The House on Monday approved a bipartisan plan for a commission to expand use of agency data to evaluate the effectiveness of programs and tax expenditures.
The Evidence-Based Policy Commission Act, introduced in April by Rep. Paul Ryan, R-Wis., and Sen. Patty Murray, D-Wash., would establish a 15-member commission of experts in data and statistics to determine whether a central data clearinghouse would help with spending decisions without violating privacy rights.
“When we're making policy, we focus on inputs ..... on effort--like how much money we're spending, how many people we're serving, how many programs we're creating,” said Ryan during floor debate. “What we need to do is focus on outcomes .... on results, like how many people we're getting out of poverty. Creating this commission is the first step in a long-term effort.”
Federal agencies collect a large amount of data on existing programs, and they are also the beneficiaries of those programs, added Rep.

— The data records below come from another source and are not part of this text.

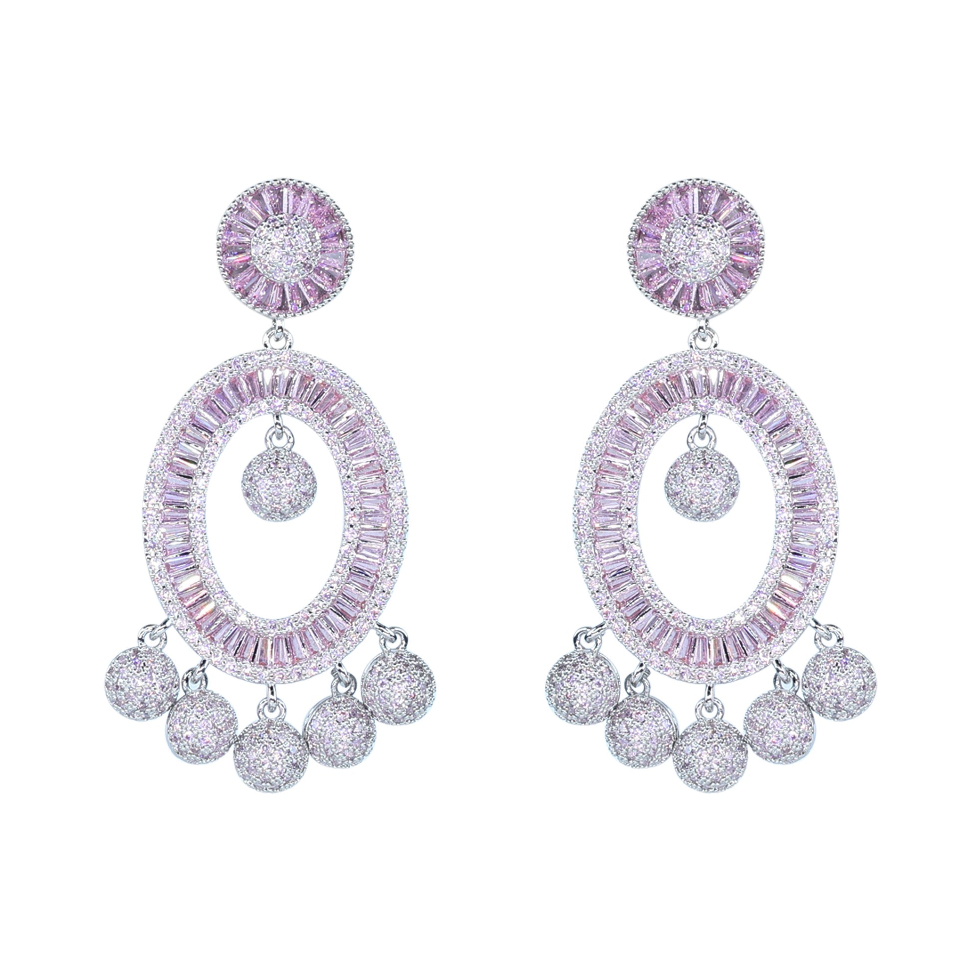 These earrings feature a striking oval design outlined with pink baguette CZ stones, complemented by delicate sparkling clusters. Their contemporary drop silhouette adds movement and brilliaLJe, making them perfect for standout looks.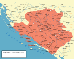 - ↑ Imamović, Mustafa. https://books.google.ba/books?id=q3VpAAAAMAAJ&dq=kralj+Srbljem,+Bosni+1390&focus=searchwithinvolume&q=%22kralj+Ra%C5%A1ke+,+Bosne+,+Dalmacije+,+Hrvatske+,+Primorja%22.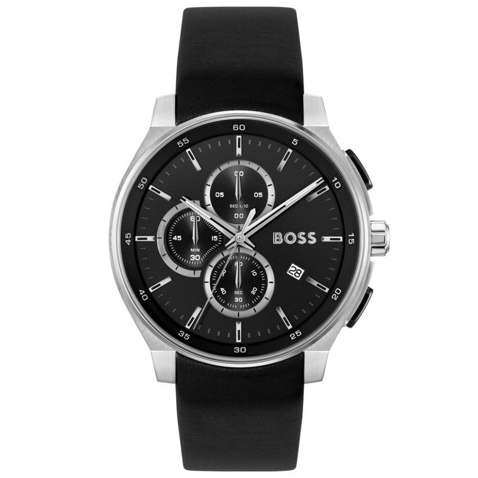 Dieses atemberaubende Schmuckstück ist die perfekte Kombination aus modernem Design und maskuliner Eleganz. Mit ihrem robusten Edelstahlgehäuse und dem tiefschwarzen Zifferblatt strahlt die BOSS Herrenuhr Peak 2.0 Chronograph Schwarz 1514188 eine kraftvolle und markante Ausstrahlung aus. Die klaren, silberfarbenen Stundenmarkierungen und Zeiger bieten exzellente Ablesbarkeit und verleihen diesem Begleiter einen sportlich-eleganten Look, der sich für jede Gelegenheit eignet. Die Chronographen-Funktion der BOSS Herrenuhr Peak 2.0 Chronograph Schwarz 1514188 ermöglicht eine präzise Zeitmessung und macht dieses Accessoire zum idealen Begleiter für den aktiven Lebensstil. Das übersichtliche Zifferblatt verfügt über zusätzliche Anzeigen und ein dezentes Datumsfenster, die das funktionale Design unterstreichen. Das schwarze Lederarmband sorgt für hohen Tragekomfort und ergänzt das edle Erscheinungsbild die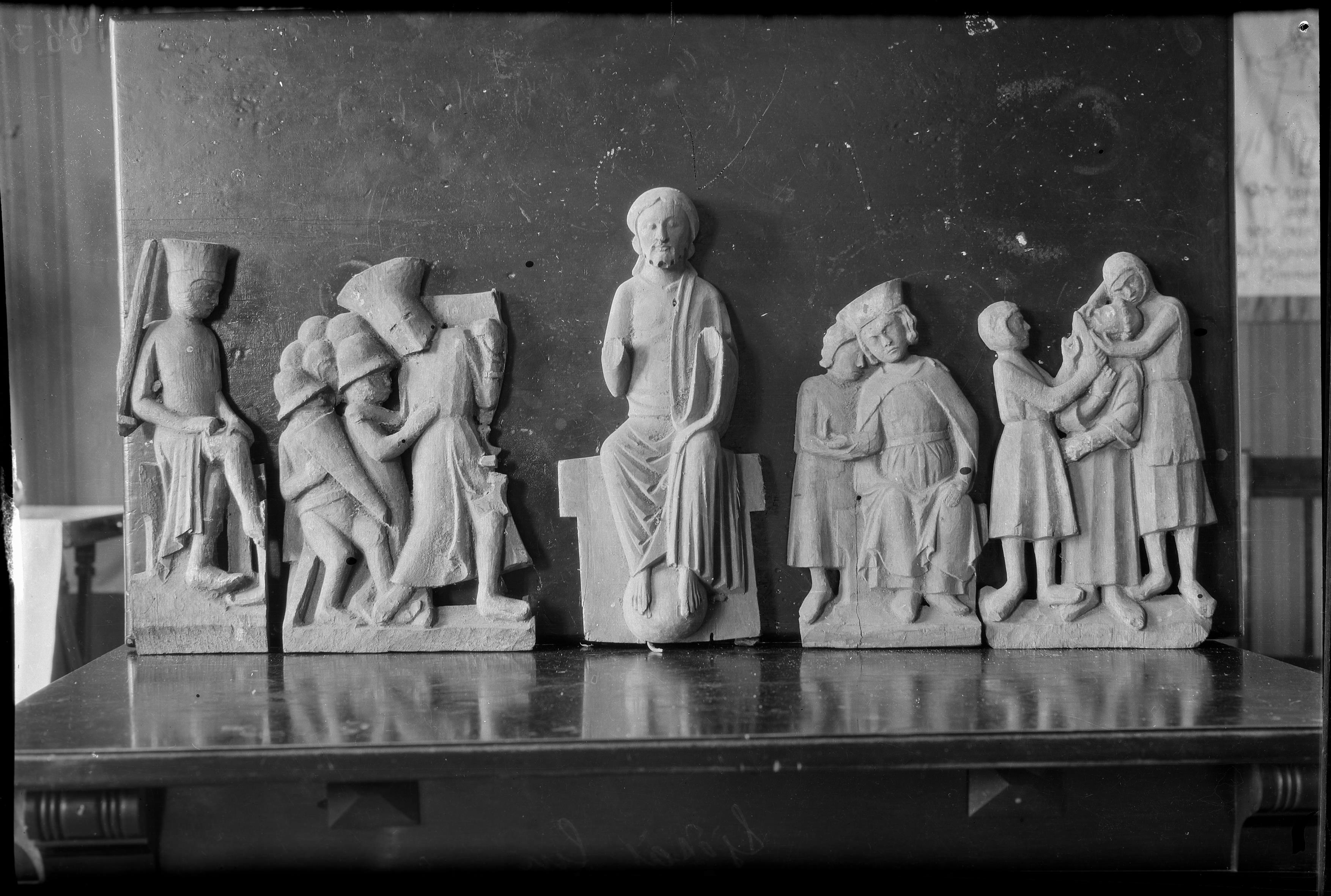 • Träskulpturer: sårad riddare, Olofs fall i slaget vid Sticklastad, Majestas Domini, Olof bränner spånorna och Einar och Andreas skär tungan av Richard.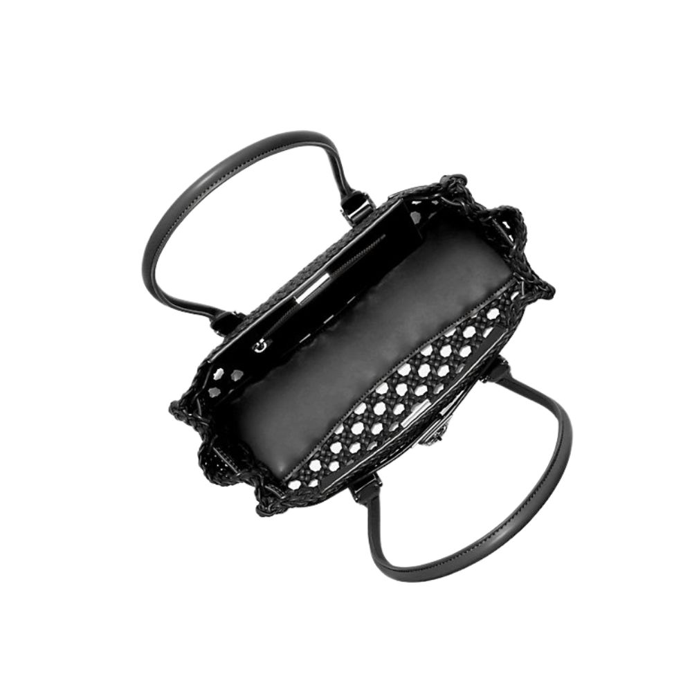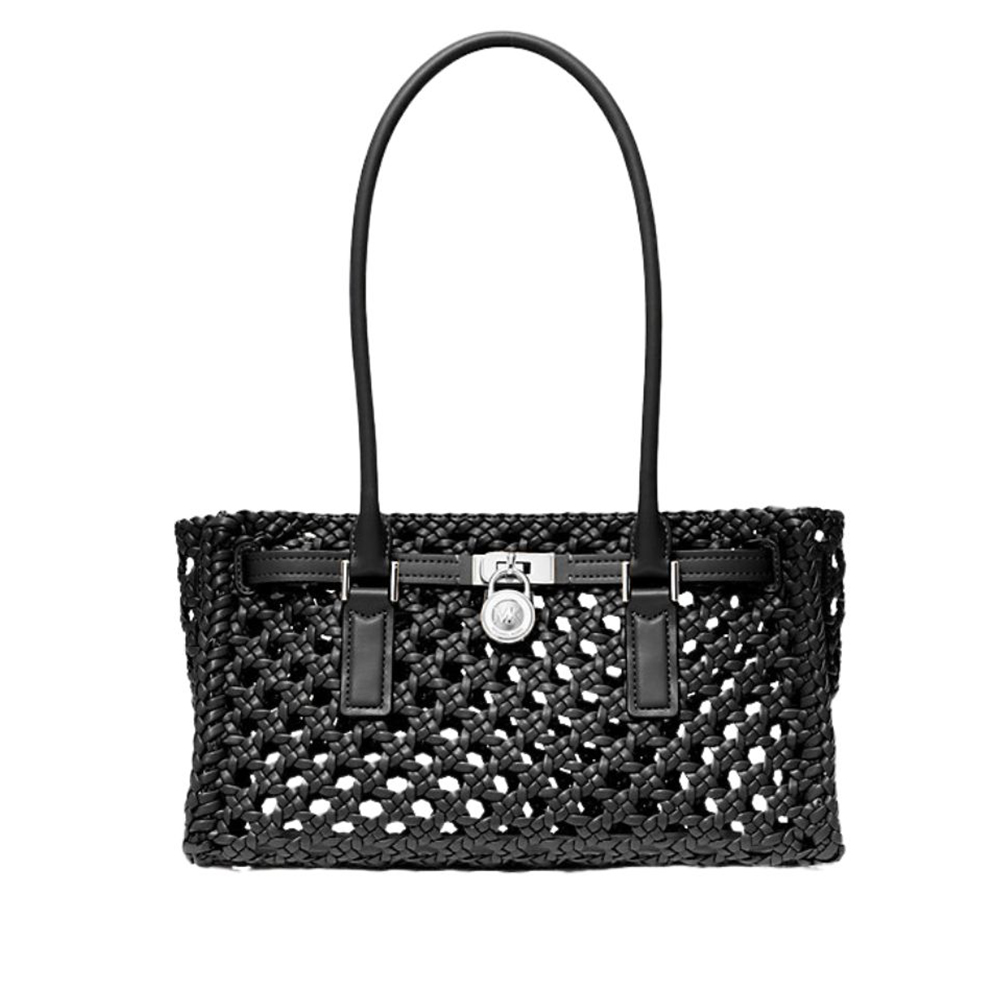 Michael Kors' Hamilton satchel, reissued for a quality, timeless design. The heritage-chic style of the Hamilton Moderne makes it a captivating accessory you'll love forever. This hand-woven style features side gussets and a smooth, belted finish, finished with a polished charm for a decorative touch. Carry it all day with the extra-long handles.

Brenda Lawrence, D-Mich., noting that the bill is supported by groups as philosophically diverse as the Heritage Foundation and the Urban Institute. “Too often, however, federal agencies do not share data with other agencies or with private researchers in a way that can help determine what is working and what is not.”
The Obama administration backed evidence-based policymaking in its fiscal 2016 budget and has been working with lawmakers on the bill.